▶ _SUPPLIED DATA_:
# # # # # # #

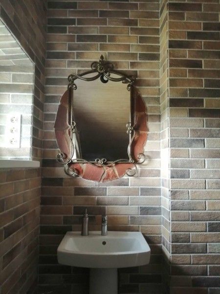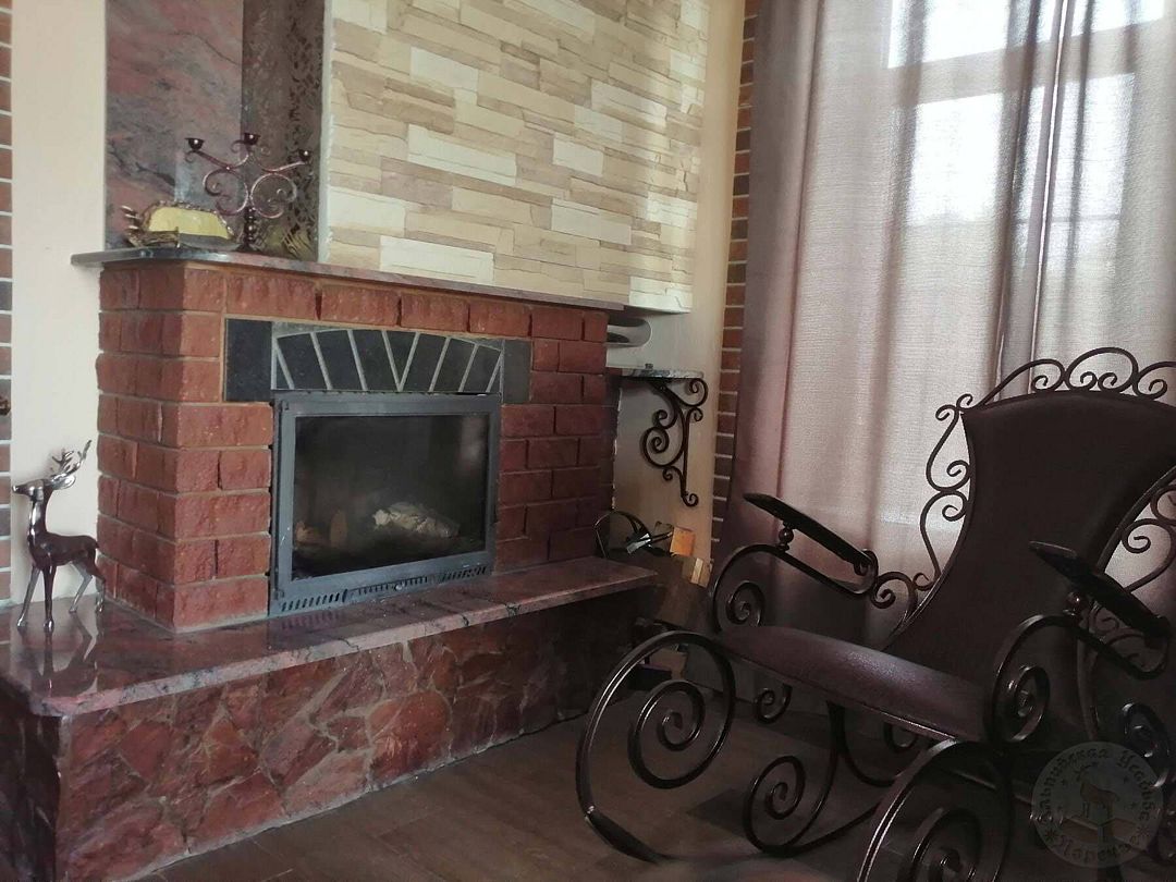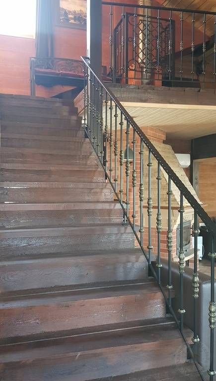 Интерьер дома выполнен в историческом стиле под «средневековье» — отделанные камнем стены, витиеватый лестничный марш, большие зеркала и металлическая ковка.
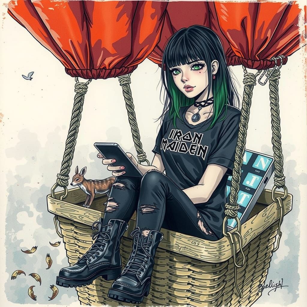 A striking picture of a young woman with black and green hair sitting in a hot air balloon. She is wearing an Iron Maiden t-shirt, fishnet top and combat boots, rendered as a hyperdetailed charcoal drawing.
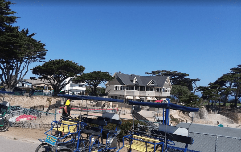 Our first view of the Bay and Monterey peninsula as the trail came over a hill in Marina.The Beach in Seaside, right before we rode onto the peninsula. The waves here are fairly calm compared to beaches along the open ocean.Passing by Monterey Bay Kayaks, where I’ve rented and taken lessons in the past. This is a great place to launch from. To the left are the canoes of Ke Kai O’Uhane Outrigger Canoe Club.Our ride leader Kris looking at Fisherman’s wharf on the left.Monterey State Historic Park has some interesting historic buildings around this plaza, and a nice museum with a beautifully restored first-order Fresnel lens formerly in service in a lighthouse.The park at Lover’s Point in Pacific GroveOn the way back we went out on the Coast Guard Pier. Some huge Sea Lions were sunning on the rocks (and occasionally barking). The Spanish name Lobos Del Mar make more sense to me because these remind me of wolves a lot more than lions.Pelicans and Cormorants sharing a rock

# # # # # # #

▶ _WORK TO BE COMPLETED_: No pictures belong in the answer, only the lines from the top of the listing through the line containing "A striking picture", repeated word for word.

▶ _ANSWER SECTION_:
 Интерьер дома выполнен в историческом стиле под «средневековье» — отделанные камнем стены, витиеватый лестничный марш, большие зеркала и металлическая ковка.
 A striking picture of a young woman with black and green hair sitting in a hot air balloon. She is wearing an Iron Maiden t-shirt, fishnet top and combat boots, rendered as a hyperdetailed charcoal drawing.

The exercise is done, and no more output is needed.